Liron please have a look if it's indeed related
Ilanit, can you please attach the relevant logs? thanks, Liron.
I've checked the vdsm code, the code is related to libvirt domains (vms) and not for storage domains. Moving to virt for further inspection of the issue.
Created attachment 1223921 [details] initlal vdsm log In this log, see vdsm was rebooted and started at MainThread::INFO::2016-11-07 09:10:24,776::vdsm::135::vds::(run) (PID: 1758) I am the actual vdsm 4.18.15-1.el7ev b01-h18-r620.rhev.openstack.engineering.redhat.com (3.10.0-514.el7.x86_64)
Created attachment 1223922 [details] final vdsm log See in log clientIFinit::INFO::2016-11-15 07:01:02,512::clientIF::545::vds::(_waitForDomainsUp) recovery: waiting for 2 domains to go up
seems like 2 VMs never responded when querying them in libvirt during recovery. Can you reproduce the problem or dig out the libvirt logs? If you didn't have debug enabled in libvirt then it needs to be reproduced, unfortunately. Also, did you have fencing enabled? It may be skipped when it's returning "recovery" Martine? ...hmm...not good
I do not have the libvirt records. There are similar scale testing planned for the coming days. I can track if this problem reproduces.
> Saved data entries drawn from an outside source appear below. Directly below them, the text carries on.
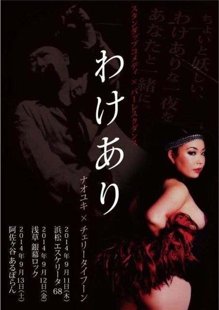 2014/9/11(木) 開場 18:00 / 開演 19:00 予約 2000円 / 当日2500 円(共に1ドリンク別) 出演:ナオユキ、チェリータイフーン スタンダップコメディ×バーレスクダンス。 ちょいと妖しい、わけありな一夜をあなたと一緒に。 <ナオユキ> 大阪府大阪市出身。松竹芸能所属。 漫才コンビ"ダックスープ"を解散後、ピン芸人として舞台・テレビにて活動。 一人で淡々と思いを語るスタイルのネタで、ライブハウスなどでイベントも開催。 活動の領域は幅広く、「STAND UP COMIC」という演目で海外公演も経験。 R-1ぐらんぷり2011ファイナリ
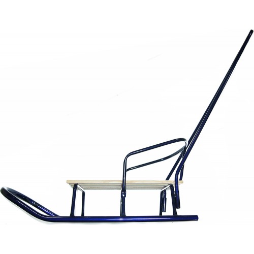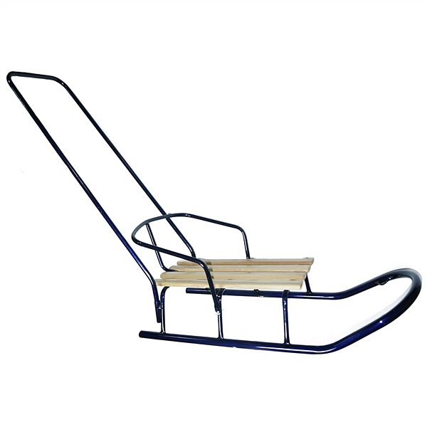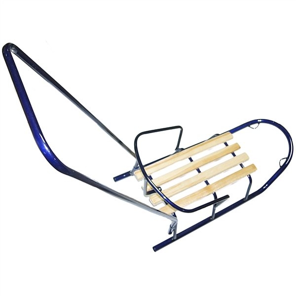 технологічних стандартів, що дозволяють створювати міцні і надійні вироби, що витримують великі навантаження (до 50 кг). В асортименті червоне і синє колірні рішення, використані матеріали сталь/дресина. Габаритні параметри санок складають 91х36х36 див. Оснащуються ручкою-штовхачем з висотою спинки 19 см. Вага конструкції 3,7 кг, тому вона оптимізована для зручного транспортування. Комфортне посадочне сидіння створено з дерев'яних рейок, товщина яких 2,5 див.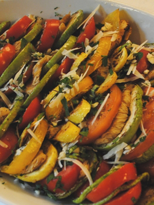 Versez un peu de sauce sur le fond de la casserole. En spirale, disposez les rondelles d’aubergines, de courgettes, de tomates et de morceaux de poivron. Les cercles doivent s'emboîter parfaitement l'un dans l'autre et occuper tout l'espace de la forme. Saupoudrer de persil, verser l'huile d'olive et le reste de la sauce et mettre au four. Cuire au four jusqu'à ce que l'aubergine soit brun clair.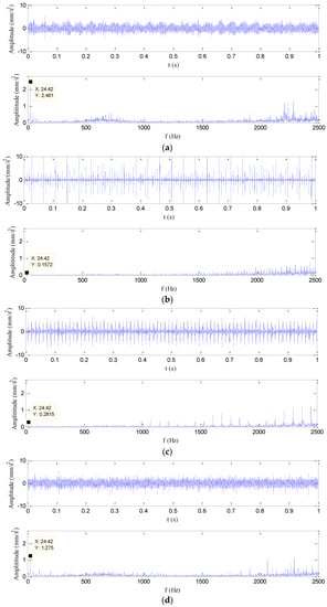 The time domain and frequency domain figures of vibration signals for the four bearing conditions: (a) normal condition, (b) inner race fault, (c) outer race fault, and (d) ball fault.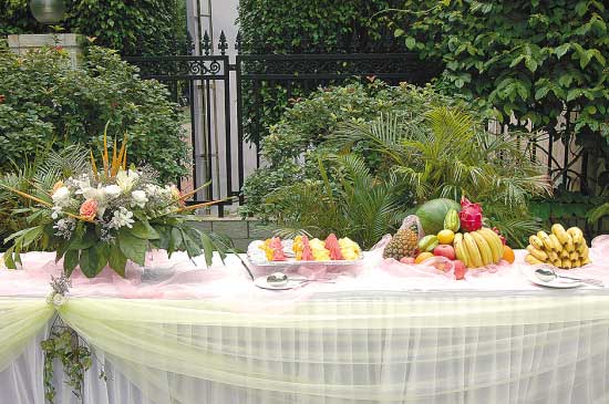 草坪婚禮通常要選擇一片綠地或花園,時(shí)間會(huì)在午后和晚宴之前。在寸金尺土的廣州城內(nèi),可以舉辦草坪婚禮的地方并不多,只有白天鵝賓館、幾家星級(jí)酒店和地處二沙島、五羊新城或者珠江新城等擁有綠地較多的西餐廳可以進(jìn)行。而且,所選的地點(diǎn)要靠近晚上婚宴之所,免除新人奔波之苦。帶花園或綠地的西餐廳或者酒店,都是新人們的首選。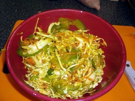 Meanwhile, toss the cabbage, cucumber and bell pepper together in a serving bowl.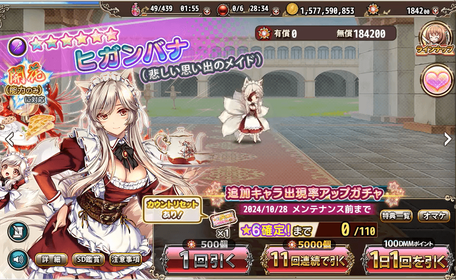 高難度()については夢想改虫で折れて前回の塔追加は未だに触って無くて城ラッシュの没敵がまだいたのかと思いたい所。あと限定、この前まで有償で古代、世界花ガチャ出してましたけど石ガチャでの復刻しないのかいと思う。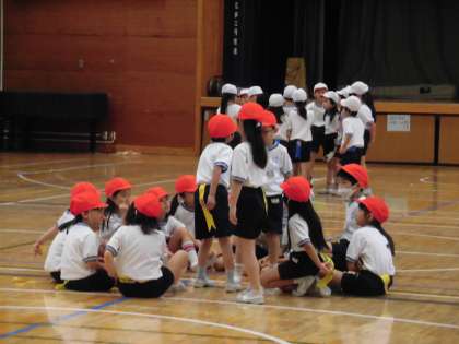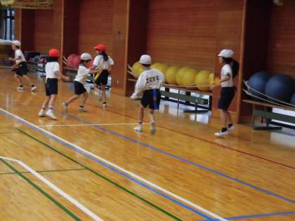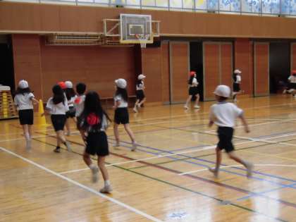 1年生の体育では、持久走、いろおに、しっぽ取りなどのゲームをしています。持久走では体育館の外周を3分間、自分のペースで走り込みました。息切れしながらも「12週走れた!」「ぼくは13周!」と話す様子が見られました。いろおにでは「いろおに、いろおに、なんの色!」の全員の掛け声でおにになった子は大きな声で一つの色を知らせると、いっせいに走り出していました。しっぽ取りでは、2チームに分かれて、まずは作戦会議です。どうやったらおしりにつけたしっぽを取られないようにできるか、相手のしっぽを取るためには…といろいろな意見が出ていました。「絶対勝つぞ!オー!!」と気合十分にゲームが開始されました。とても白熱したゲームになり、楽しみながら、しっかりと体を動かすことができました。

Please re-run with libvirt debug logs.
Ilanit, any chance to get this info?
I am still waiting to getting a scale machine to test it on.
ok, so putting the needinfo back on you to mark that we are waiting for some info.
(In reply to Tomas Jelinek from comment #12) > ok, so putting the needinfo back on you to mark that we are waiting for some > info. I'm closing for the time being, please re-open when reproduced.
Removing need info, as problem was not reproduced so far. I shall reopen bug, if it will reproduce.